# any tips removing NRS knife holster from pfd?



## Ninja_Nico (Mar 28, 2013)

I just bought a new pfd and I'm trying to transfer my NRS holster to the new vest. In the past I've cut it off, but I don't necessarily want to do that again. Right now I've got some butter knives in there trying to get some leverage on the barb of the holster. Tips? I'm sure youve done this before. Thanks!


----------



## Favre (Nov 17, 2010)

I used a butter knife and twenty minutes of aggressive wedging and removed a NRS Co-Pilot knife just a few days ago..

I find I need to use a knife to attach it as well, but removing it was much more difficult.

I don't have any tips other than using a butter knife. Good luck!

-Micah


----------



## livin_tll (Apr 2, 2011)

yeah i use a flat head screw driver at both ends and lift the flap then pull the holster.


----------



## Ninja_Nico (Mar 28, 2013)

The butter knives worked.

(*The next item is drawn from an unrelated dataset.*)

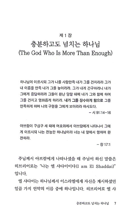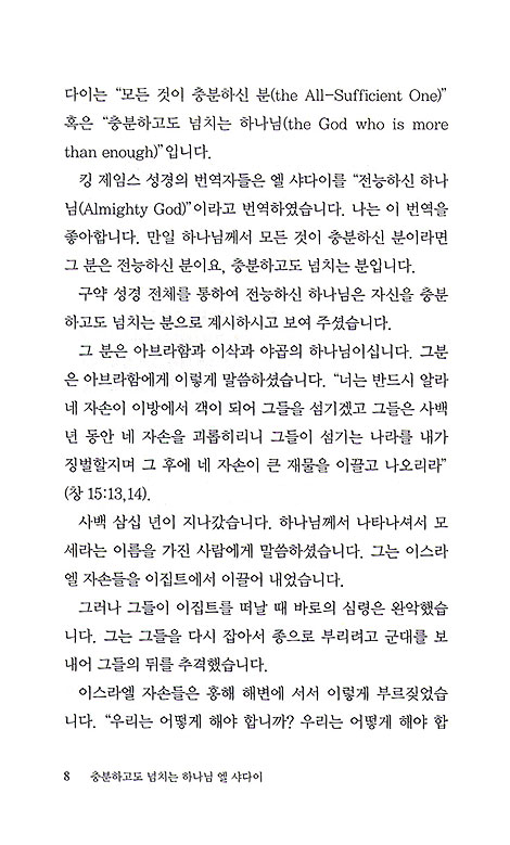 엘 샤다이는 해긴 목사님의 가장 많이 알려지고 가장 사랑 받는 설교에 근거하여 만든 책입니다. 이 설교는 우리의 사랑하시는 하늘의 아버지는 오래 살게 하시는 풍성하신 하나님이라는 것을 보여 주고 있습니다. 이 책에서 당신이 누릴 수 있도록, 당신을 위해 하나님께서 의도하신 모든 것을 발견하십시오.

I just needed to stick with it a little longer.


----------



## Snowhere (Feb 21, 2008)

I like my knife on my shoulder straps, so I don't worry about having a holster where I need it and just use a couple of zip ties instead.


----------



## Bpsig (Mar 7, 2012)

hit it with a blow dryer for a while to soften up the plastic, it should slip out pretty easy after that along with using the butter knife to pry.


----------